When reviewing an agency's interpretation of a statute, the Court follows the two-step analysis set forth in Chevron, U.S.A., Inc., v. Nat. Res. Def. Council, Inc., 467 U.S. 837, 844 (1984); See also Animal Legal Def. Fund v. U.S. Dep't of Agric., 789 F.3d 1206 (11th Cir. 2015). Under Chevron, the Court must first decide "whether Congress has directly spoken to the precise question at issue[;]" if so, the Court "must give effect to the unambiguously expressed intent of Congress." Chevron, 467 U.S. at 842. Second, if the statute at issue "is silent or ambiguous with respect to the specific issue," the Court must determine "whether the agency's [interpretation] is based on a permissible construction of the statute." Id. at 842-43. An agency's interpretation "governs if it is a reasonable interpretation of the statute—not necessarily the only possible interpretation, nor even the interpretation deemed most reasonable by the courts." Entergy Corp. v. Riverkeeper, Inc., 556 U.S. 208, 218 (2009). Similarly, "an agency's interpretation of its own regulation is entitled to deference" unless it is "plainly erroneous or inconsistent with the regulation." Christensen v. Harris County, 529 U.S. 576, 588 (2000) (citing Auer v. Robbins, 519 U.S. 452, 461 (1997)). Finally, "deference to the agency is especially appropriate in the immigration context where officials exercise especially sensitive political functions that implicate questions of foreign relations." Scheerer v. U.S. Att'y Gen., 513 F.3d 1244, 1250 (11th Cir. 2008) (citing INS v. Aguirre-Aguirre, 526 U.S. 415, 425 (1999)).

"In practice, Auer deference is Chevron deference applied to regulations other than statutes. The agency's interpretation will be accepted if, though not the fairest reading of the regulation, it is a plausible reading..." Decker v. Northwest Environmental Defense Center, 568 U.S. 597, 617-18 (2013) (Scalia, J., concurring in part and dissenting in part).

Under the APA, district courts have the power to set aside agency action that is "arbitrary, capricious, an abuse of discretion, or otherwise not in accordance with the law." 5 U.S.C. § 706(2)(A). "The arbitrary and capricious standard of review is a narrow and highly deferential standard." Duron v. Swacina [("Duron I")], No. 16-CV-21525-JLK, 2016 WL 7217176, at *2 (S.D. Fla. Dec. 12, 2016), aff'd sub nom., Duron v. Stul [("Duron II")], 724 F. App'x 791 (11th Cir. 2018) (citing Nat'l Ass'n of Home Builders v. Def. of Wildlife, 551 U.S. 644, 659 (2006)). "Under this standard, the Court 'presume[s] the validity of agency action.'" Duron I, 2016 WL 7217176 at *2 (quoting Sw. Bell Tel. Co. v. FCC, 168 F.3d 1344, 1352 (D.C. Cir. 1999)). Ultimately, "a court may not substitute its own construction of a statutory provision for a reasonable interpretation made by the administrator of an agency." Chevron, 467 U.S. at 844.

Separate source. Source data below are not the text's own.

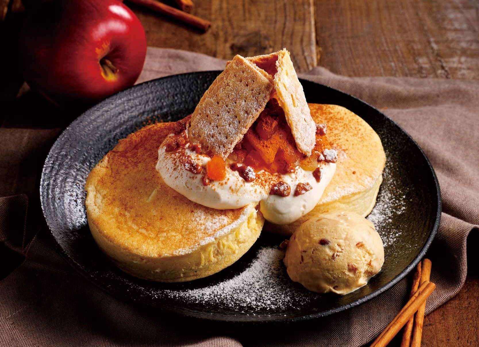 キャラメルナッツとアップルシナモンのパンケーキ 1,580円(税込)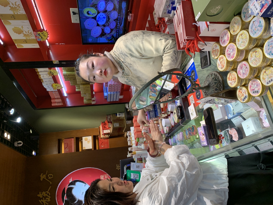An indoor retail scene within a cosmetic store, likely located in Shangcheng District, China, is depicted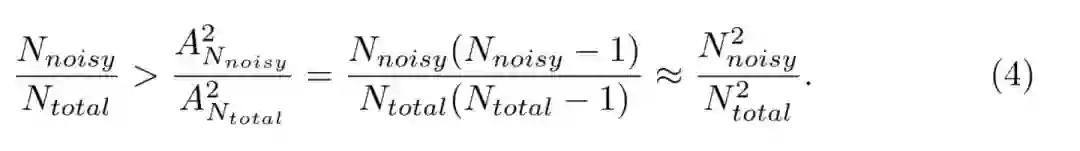 然而对于生成的一个新样本,为噪声样本的前提是K(=2)个样本均为noisy样本,那么其概率经过排列组合之后,其概率明显减小了:

C. The INA's Statutory and Regulatory Framework

Section 1255(a) of the INA provides that adjustment of immigration status to that of lawful permanent resident is available to aliens who "(1) have been inspected and admitted or paroled into the United States; (2) made an application for adjustment of status; (3) [are] eligible to receive an immigrant visa and be admissible to the United States for permanent residence; and (4) have an immigrant visa immediately available to him at the time the application is filed." See Duron II, 724 F. App'x at 793.

The inquiry, however, does not end there. Section 1255(c)(2) bars adjustment of status if the applicant "has failed (other than through no fault of his own or for technical reasons) to maintain continuously a lawful status since entry into the United States." (emphasis added); see also 8 C.F.R. § 245.1(b)(6). Under the implementing regulations, an individual with "lawful immigration status" is defined as "[a]n alien admitted to the United States in nonimmigrant status as defined in section 101(a)(15) of the Act, whose initial period of admission has not expired..." 8 C.F.R. § 245.1(d)(1)(ii). Lastly, 8 C.F.R. § 245.1(d)(3) states that "the departure and subsequent reentry of an individual who has not maintained a lawful immigration status on any previous entry into the United States does not erase the [§ 1255(c)(2)] bar to adjustment of status." (emphasis added).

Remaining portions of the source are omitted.